Stored data entries

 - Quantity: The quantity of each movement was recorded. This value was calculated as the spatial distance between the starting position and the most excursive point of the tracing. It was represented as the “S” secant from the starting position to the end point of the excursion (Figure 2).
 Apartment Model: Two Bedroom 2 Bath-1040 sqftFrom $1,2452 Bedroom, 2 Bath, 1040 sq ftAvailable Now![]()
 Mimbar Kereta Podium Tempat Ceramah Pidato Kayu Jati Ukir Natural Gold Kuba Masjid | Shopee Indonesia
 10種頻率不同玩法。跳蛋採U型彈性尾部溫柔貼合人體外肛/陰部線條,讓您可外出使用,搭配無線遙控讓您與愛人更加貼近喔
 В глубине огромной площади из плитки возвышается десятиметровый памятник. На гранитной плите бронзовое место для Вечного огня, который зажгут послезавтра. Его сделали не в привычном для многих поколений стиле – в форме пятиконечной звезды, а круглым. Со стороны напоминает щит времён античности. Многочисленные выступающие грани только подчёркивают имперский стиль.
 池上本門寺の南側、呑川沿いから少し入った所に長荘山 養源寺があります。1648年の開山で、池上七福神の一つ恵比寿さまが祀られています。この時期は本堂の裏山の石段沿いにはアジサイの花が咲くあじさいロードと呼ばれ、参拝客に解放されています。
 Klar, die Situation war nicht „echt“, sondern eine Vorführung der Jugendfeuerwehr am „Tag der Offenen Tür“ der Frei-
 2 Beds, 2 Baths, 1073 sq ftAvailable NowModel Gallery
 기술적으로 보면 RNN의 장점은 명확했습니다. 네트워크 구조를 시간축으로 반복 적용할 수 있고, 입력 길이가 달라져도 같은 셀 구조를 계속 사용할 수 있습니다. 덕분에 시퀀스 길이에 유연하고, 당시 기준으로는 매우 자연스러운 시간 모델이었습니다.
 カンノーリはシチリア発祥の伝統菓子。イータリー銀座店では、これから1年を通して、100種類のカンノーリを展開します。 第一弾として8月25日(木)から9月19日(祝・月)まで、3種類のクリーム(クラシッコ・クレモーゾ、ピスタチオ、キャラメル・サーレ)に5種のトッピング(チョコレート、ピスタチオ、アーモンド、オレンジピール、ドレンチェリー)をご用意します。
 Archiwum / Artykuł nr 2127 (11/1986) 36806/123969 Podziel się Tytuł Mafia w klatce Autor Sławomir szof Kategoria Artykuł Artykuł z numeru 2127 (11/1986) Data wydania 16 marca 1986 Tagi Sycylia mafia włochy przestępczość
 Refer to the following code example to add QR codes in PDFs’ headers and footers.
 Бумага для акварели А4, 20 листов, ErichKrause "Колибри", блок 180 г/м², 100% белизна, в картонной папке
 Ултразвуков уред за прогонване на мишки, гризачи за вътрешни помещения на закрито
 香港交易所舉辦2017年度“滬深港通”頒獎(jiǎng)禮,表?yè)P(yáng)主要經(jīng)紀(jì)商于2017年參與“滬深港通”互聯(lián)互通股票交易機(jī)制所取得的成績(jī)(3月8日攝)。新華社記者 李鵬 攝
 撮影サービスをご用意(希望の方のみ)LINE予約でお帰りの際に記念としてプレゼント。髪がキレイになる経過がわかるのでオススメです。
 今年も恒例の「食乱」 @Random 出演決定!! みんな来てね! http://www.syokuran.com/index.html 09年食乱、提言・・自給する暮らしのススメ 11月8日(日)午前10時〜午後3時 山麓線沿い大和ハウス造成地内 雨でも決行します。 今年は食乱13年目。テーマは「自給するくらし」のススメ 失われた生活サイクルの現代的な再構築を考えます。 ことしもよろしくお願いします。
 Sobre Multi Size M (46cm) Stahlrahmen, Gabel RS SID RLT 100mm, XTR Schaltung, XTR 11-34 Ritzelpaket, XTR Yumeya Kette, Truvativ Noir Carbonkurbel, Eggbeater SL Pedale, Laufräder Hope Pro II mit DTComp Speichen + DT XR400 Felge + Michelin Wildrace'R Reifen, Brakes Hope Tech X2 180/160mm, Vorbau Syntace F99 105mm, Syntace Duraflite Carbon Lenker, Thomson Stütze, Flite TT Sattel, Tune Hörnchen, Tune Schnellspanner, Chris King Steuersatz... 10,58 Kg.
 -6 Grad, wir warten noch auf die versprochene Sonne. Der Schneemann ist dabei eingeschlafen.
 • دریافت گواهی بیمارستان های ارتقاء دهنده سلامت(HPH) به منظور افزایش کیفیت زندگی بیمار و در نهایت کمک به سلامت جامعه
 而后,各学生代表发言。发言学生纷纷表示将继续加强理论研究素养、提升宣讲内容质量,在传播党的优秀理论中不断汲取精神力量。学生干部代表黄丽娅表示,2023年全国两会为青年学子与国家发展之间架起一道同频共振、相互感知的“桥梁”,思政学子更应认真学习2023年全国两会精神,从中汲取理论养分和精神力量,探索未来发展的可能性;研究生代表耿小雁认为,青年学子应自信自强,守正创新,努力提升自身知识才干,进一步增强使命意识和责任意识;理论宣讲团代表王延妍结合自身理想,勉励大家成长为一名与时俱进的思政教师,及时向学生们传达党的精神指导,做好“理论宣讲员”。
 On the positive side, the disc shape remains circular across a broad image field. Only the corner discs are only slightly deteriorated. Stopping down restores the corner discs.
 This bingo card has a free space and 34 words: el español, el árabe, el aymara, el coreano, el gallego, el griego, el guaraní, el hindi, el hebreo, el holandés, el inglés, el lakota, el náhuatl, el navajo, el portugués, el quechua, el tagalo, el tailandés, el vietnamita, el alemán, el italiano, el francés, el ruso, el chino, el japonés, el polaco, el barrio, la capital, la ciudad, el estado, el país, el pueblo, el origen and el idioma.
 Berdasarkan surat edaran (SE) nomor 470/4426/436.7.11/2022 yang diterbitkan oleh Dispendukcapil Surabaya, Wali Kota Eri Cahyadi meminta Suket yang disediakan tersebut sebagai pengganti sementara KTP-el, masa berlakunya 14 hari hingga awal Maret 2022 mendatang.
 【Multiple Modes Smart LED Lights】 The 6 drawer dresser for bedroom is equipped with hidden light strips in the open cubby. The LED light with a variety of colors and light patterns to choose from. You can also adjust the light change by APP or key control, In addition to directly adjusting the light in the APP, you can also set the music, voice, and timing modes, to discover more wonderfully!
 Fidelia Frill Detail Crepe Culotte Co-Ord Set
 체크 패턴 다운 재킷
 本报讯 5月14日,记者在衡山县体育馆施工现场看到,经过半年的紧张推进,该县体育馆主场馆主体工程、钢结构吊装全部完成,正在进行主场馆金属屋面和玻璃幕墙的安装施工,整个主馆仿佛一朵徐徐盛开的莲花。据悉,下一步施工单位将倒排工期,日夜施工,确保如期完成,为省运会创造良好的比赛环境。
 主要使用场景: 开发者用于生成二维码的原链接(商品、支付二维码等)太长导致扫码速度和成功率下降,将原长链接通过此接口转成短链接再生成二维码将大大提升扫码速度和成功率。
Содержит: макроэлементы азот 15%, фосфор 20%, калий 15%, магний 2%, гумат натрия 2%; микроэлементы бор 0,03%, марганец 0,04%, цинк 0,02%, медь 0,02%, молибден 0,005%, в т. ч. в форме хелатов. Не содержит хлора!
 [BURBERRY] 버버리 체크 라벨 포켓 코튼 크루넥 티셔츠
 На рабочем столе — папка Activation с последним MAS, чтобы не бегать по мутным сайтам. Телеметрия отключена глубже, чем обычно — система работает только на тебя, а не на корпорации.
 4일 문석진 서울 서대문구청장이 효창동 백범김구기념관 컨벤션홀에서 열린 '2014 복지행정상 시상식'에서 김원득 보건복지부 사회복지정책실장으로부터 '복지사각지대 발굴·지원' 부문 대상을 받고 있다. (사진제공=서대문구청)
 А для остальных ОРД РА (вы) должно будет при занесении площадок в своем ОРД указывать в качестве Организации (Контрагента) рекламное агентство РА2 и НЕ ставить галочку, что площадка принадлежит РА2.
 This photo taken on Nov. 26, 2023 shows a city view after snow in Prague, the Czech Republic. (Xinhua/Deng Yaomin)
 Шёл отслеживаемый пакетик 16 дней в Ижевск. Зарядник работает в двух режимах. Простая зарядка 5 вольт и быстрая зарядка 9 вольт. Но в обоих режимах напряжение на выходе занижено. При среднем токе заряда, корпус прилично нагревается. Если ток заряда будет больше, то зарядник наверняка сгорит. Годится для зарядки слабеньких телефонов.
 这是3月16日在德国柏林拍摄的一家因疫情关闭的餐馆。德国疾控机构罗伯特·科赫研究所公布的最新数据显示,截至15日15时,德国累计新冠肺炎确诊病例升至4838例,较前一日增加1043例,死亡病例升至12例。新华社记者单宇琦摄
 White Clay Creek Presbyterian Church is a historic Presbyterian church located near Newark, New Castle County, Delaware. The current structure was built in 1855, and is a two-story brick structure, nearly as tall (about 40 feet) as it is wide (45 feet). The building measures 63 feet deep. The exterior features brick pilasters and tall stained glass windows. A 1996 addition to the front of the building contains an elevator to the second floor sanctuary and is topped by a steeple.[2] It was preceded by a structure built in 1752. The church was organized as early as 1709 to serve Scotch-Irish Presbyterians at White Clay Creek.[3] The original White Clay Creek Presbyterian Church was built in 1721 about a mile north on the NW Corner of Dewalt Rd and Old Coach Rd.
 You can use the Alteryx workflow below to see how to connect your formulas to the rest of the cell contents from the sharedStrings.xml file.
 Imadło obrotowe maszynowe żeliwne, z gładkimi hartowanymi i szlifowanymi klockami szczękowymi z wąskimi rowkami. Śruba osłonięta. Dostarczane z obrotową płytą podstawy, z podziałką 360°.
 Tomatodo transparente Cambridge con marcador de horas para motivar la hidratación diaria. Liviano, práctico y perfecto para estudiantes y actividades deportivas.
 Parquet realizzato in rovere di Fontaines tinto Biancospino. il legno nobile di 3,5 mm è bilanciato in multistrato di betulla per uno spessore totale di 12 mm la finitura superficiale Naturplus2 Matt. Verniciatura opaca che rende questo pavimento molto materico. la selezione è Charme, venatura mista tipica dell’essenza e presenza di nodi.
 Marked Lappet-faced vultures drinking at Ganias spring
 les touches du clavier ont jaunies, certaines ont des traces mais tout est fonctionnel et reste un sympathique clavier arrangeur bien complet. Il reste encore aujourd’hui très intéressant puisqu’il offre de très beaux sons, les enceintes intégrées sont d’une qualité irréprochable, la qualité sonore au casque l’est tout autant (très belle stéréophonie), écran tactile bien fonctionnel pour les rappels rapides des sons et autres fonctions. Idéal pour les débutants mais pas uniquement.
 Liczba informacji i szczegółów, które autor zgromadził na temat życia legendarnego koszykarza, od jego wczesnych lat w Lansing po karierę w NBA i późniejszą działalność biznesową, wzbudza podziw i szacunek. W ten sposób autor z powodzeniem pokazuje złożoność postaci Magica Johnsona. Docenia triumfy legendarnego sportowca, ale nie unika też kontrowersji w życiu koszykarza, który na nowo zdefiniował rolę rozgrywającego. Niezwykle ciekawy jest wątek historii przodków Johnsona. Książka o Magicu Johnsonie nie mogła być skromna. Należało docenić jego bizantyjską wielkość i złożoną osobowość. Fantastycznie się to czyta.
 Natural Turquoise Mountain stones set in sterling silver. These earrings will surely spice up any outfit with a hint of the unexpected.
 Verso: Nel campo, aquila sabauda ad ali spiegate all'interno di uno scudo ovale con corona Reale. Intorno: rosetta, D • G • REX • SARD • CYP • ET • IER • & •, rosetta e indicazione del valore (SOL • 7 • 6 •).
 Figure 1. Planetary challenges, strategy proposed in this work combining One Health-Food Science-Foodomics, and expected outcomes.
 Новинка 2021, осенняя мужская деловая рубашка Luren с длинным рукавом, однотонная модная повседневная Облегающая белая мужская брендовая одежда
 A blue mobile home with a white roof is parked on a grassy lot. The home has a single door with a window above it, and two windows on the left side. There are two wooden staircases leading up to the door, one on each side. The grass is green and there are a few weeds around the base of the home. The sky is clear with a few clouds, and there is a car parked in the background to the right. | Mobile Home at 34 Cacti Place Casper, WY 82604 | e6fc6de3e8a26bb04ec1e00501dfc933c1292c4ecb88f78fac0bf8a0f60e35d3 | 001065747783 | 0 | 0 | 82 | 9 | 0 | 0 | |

- _What the task requires_: From the entries above, return exactly the line containing "本报讯 5月14日,记者在衡", the line containing "这是3月16日在德国柏林拍摄", and all lines between, and nothing else.

- _Answer below_:
 本报讯 5月14日,记者在衡山县体育馆施工现场看到,经过半年的紧张推进,该县体育馆主场馆主体工程、钢结构吊装全部完成,正在进行主场馆金属屋面和玻璃幕墙的安装施工,整个主馆仿佛一朵徐徐盛开的莲花。据悉,下一步施工单位将倒排工期,日夜施工,确保如期完成,为省运会创造良好的比赛环境。
 主要使用场景: 开发者用于生成二维码的原链接(商品、支付二维码等)太长导致扫码速度和成功率下降,将原长链接通过此接口转成短链接再生成二维码将大大提升扫码速度和成功率。
Содержит: макроэлементы азот 15%, фосфор 20%, калий 15%, магний 2%, гумат натрия 2%; микроэлементы бор 0,03%, марганец 0,04%, цинк 0,02%, медь 0,02%, молибден 0,005%, в т. ч. в форме хелатов. Не содержит хлора!
 [BURBERRY] 버버리 체크 라벨 포켓 코튼 크루넥 티셔츠
 На рабочем столе — папка Activation с последним MAS, чтобы не бегать по мутным сайтам. Телеметрия отключена глубже, чем обычно — система работает только на тебя, а не на корпорации.
 4일 문석진 서울 서대문구청장이 효창동 백범김구기념관 컨벤션홀에서 열린 '2014 복지행정상 시상식'에서 김원득 보건복지부 사회복지정책실장으로부터 '복지사각지대 발굴·지원' 부문 대상을 받고 있다. (사진제공=서대문구청)
 А для остальных ОРД РА (вы) должно будет при занесении площадок в своем ОРД указывать в качестве Организации (Контрагента) рекламное агентство РА2 и НЕ ставить галочку, что площадка принадлежит РА2.
 This photo taken on Nov. 26, 2023 shows a city view after snow in Prague, the Czech Republic. (Xinhua/Deng Yaomin)
 Шёл отслеживаемый пакетик 16 дней в Ижевск. Зарядник работает в двух режимах. Простая зарядка 5 вольт и быстрая зарядка 9 вольт. Но в обоих режимах напряжение на выходе занижено. При среднем токе заряда, корпус прилично нагревается. Если ток заряда будет больше, то зарядник наверняка сгорит. Годится для зарядки слабеньких телефонов.
 这是3月16日在德国柏林拍摄的一家因疫情关闭的餐馆。德国疾控机构罗伯特·科赫研究所公布的最新数据显示,截至15日15时,德国累计新冠肺炎确诊病例升至4838例,较前一日增加1043例,死亡病例升至12例。新华社记者单宇琦摄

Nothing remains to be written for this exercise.